▸ **MATERIAL TO PROCESS**

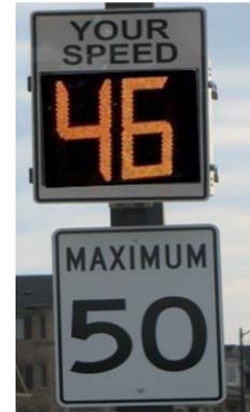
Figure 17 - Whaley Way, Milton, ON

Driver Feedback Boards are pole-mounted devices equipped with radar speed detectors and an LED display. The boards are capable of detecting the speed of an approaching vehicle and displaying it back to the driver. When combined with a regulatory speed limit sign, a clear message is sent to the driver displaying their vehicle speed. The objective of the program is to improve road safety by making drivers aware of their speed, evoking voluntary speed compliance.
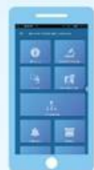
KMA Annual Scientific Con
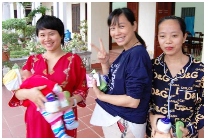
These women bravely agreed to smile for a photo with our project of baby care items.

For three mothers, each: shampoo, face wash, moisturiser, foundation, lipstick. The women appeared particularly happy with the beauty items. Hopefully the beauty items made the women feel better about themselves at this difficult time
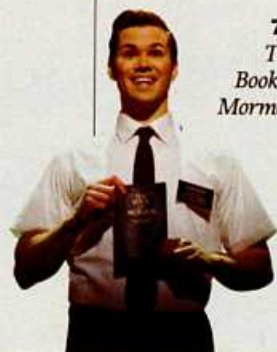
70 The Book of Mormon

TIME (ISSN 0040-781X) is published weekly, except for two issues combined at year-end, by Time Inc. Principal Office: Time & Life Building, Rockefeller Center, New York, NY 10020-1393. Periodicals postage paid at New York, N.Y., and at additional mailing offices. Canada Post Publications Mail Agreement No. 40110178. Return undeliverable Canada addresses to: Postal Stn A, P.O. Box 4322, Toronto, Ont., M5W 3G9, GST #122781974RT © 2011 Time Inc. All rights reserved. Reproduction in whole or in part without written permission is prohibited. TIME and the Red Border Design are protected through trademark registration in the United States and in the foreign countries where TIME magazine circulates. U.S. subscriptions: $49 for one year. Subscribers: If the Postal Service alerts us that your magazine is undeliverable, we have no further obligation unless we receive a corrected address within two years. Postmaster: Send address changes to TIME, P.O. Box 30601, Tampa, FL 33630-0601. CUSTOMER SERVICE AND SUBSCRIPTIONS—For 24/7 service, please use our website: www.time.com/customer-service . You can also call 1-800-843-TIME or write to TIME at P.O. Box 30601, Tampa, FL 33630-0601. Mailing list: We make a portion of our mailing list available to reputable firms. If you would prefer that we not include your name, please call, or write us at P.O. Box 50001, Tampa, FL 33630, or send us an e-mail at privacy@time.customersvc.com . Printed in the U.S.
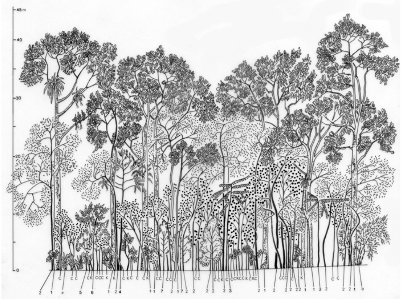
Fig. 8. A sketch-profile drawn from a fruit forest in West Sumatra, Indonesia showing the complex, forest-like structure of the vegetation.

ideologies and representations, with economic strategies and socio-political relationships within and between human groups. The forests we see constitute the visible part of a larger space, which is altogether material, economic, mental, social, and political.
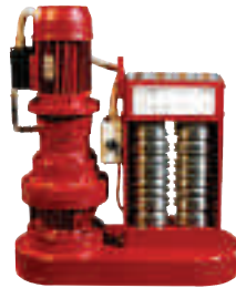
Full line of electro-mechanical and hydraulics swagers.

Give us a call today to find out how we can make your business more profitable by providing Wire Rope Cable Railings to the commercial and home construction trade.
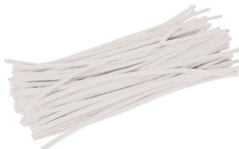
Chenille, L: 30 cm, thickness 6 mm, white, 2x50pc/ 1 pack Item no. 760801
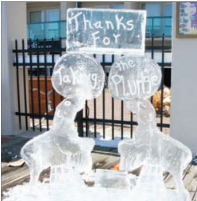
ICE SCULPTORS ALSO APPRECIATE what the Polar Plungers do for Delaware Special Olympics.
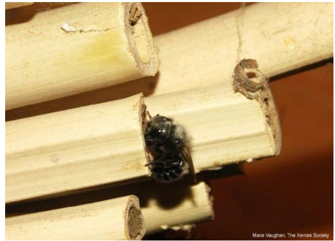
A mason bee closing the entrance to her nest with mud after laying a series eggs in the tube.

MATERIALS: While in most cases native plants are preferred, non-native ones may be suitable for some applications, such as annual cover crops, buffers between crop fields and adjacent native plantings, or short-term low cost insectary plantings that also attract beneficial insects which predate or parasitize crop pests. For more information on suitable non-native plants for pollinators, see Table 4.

* * *

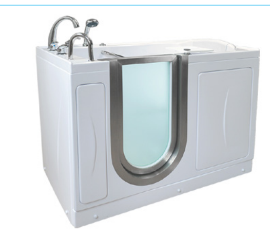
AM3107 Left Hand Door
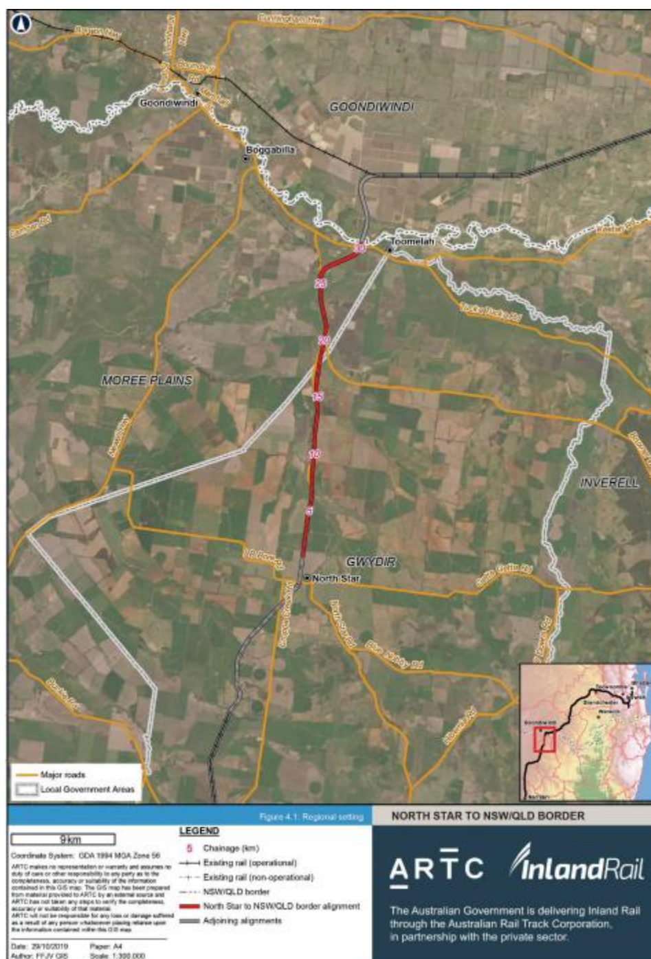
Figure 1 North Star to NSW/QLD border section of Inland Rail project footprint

▸ **REQUIRED WORK**
Above are the records; return the lines in them from the one with "Figure 17 - Whaley Way, Milton, ON" to the one with "70 The Book of Mormon", inclusive, exactly and without images.

▸ **ANSWER BOX**
Figure 17 - Whaley Way, Milton, ON

Driver Feedback Boards are pole-mounted devices equipped with radar speed detectors and an LED display. The boards are capable of detecting the speed of an approaching vehicle and displaying it back to the driver. When combined with a regulatory speed limit sign, a clear message is sent to the driver displaying their vehicle speed. The objective of the program is to improve road safety by making drivers aware of their speed, evoking voluntary speed compliance.
KMA Annual Scientific Con
These women bravely agreed to smile for a photo with our project of baby care items.

For three mothers, each: shampoo, face wash, moisturiser, foundation, lipstick. The women appeared particularly happy with the beauty items. Hopefully the beauty items made the women feel better about themselves at this difficult time
70 The Book of Mormon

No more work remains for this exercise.